3.9. Interactive Residues of Vaccine-MHC-I, Vaccine MHC-II and Vaccine TLR-4

Interactions of vaccine are crucial to generate robust immune responses against a particular antigen. The designed vaccine construct showed interactions with several key residues of immune receptors. In Table 5, all the interactive residues of the vaccine to MHC-I, MHC-II and TLR-4 are indicated.

Table 5

List of interactive residues MHC-I, MHC-II, and TLR-4 receptors.

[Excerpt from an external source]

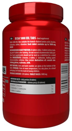 BCAA 1000 XXL Tabs enthalten verzweigtkettige Aminosäuren. BCAA-Aminosäuren machen ca. 35% der essentiellen Aminosäuren für den Muskelaufbau und fast 50% der Aminosäuren, die mit der Nahrung zugeführt werden müssen. 1000 mg in 1 Tablette! Zu den BCAA-Aminosäuren gehören: Leucin, Isoleucin und Valin. Sie kommen natürlich in der Nahrung vor, aber die Menge ist normalerweise nicht ausreichend. Leucin – das ist eine Aminosäure, die unser Körper nicht selbst herstellen kann. Sie erleichtert die Proteinsynthese im Körper und wirkt sich auch auf die Insulinwirkung aus. Diese Aminosäure trägt auch dazu bei, das anabole Fenster besser auszunutzen, was durch die verstärkte Wirkung von Insulin möglich ist, das die Glukosemenge im Blut reguliert. Isoleucin – Wenn die Fettsäuren unzureichend sind, wird es zur Energiequelle für die Muskeln. Es ermöglicht den Schutz der Muskeln, auch bei sehr intensivem Training. Valin – Nimmt eine aktive Rolle bei der Proteinsynthese ein. Es ist auch eine Aminosäure, die eine muskelaufbauende Wirkung hat. Wenn Isoleucin nicht in der Lage ist, alle Proteine vor Schäden zu schützen, hilft Valin, das zu reparieren, was das Training zerstört hat. Gleichzeitig wirkt diese Aminosäure dem Katabolismus entgegen.

Vaccine-Complexes	Interactive Residues
Vaccine-MHC-I	Ala31, Arg88, Asn65, Asn35, Ile45, Lys84, Glu32, Phe69, Met1, Tyr48, His34, Lys12, Lys3,Tyr29ser4 7, Pro140, Glu480
Vaccine-MHC-II	Asp28, Asp91, Arg97, Ala16, Phe46, Lys44, Tyr39, His115, Tyr97, Gly121, Lys83, Gln37, Thr22, Tyr18, Lys64, Lys3, Hhis34, Glu34, Thr27, Glu32
Vaccine-TLR-4	Asn526, Ala479, Asp379, Arg382, Lys477, Tyr451, Gln430, Ser381, Lys158, Lys420, Val338, Glu336, His334, Lys109, Lys477

3.10. In Silico Host Immune Simulation

The overall finding of the host immune simulation showed that different immune responses are generated in the form of primary and secondary immune responses against the antigen. The immune responses against the pathogen consisted of different types, such as IgG and IgM, IgG1 + IgG2, IgG1 and IgG2. Also, an increase in interleukins production, as well different types of cytokines titers, was observed as indicated in Figure 11A,B.

Figure 11

Different immune responses towards (MEV) against E. hormaechei. (A). Antibodies titer and (B) interferon and cytokines responses to the vaccine.

4. Conclusions

In conclusion, we present computational-based research work for the design of a multi-epitope-based vaccine construct against E. hormaechei by selecting conserved and antigenic proteins from the core proteome of the E. hormaechei. The selected proteins were used for B- and T-cell epitope prediction in order to generate cellular and humoral immune responses. The designed vaccine construct provokes both antibodies and cellular immune responses. The model vaccine also showed a maximum level of binding to MHC-I, MHC-II, and TLR-4 immune cell receptors, which can provide potent innate and adaptive immune responses for tackling the pathogen. Furthermore, the binding ability of the vaccine to immune cell receptors was confirmed by a molecular dynamics simulation approach. Several limitations exist that require further improvement and investigation in future research work i.e., the designed vaccine showed best immunogenicity, while the real immune responses against the targeted pathogen require validation by experimental studies. The criteria for selection and filtering the proteins targets for vaccine design were quite strict but still need to be further validated in vivo and in vitro. In conclusion, the designed vaccine model generates proper immune responses against E. hormaechei and can reduce the chances of infection, but experimentally evaluation is still required to uncover its real potency against E. hormaechei.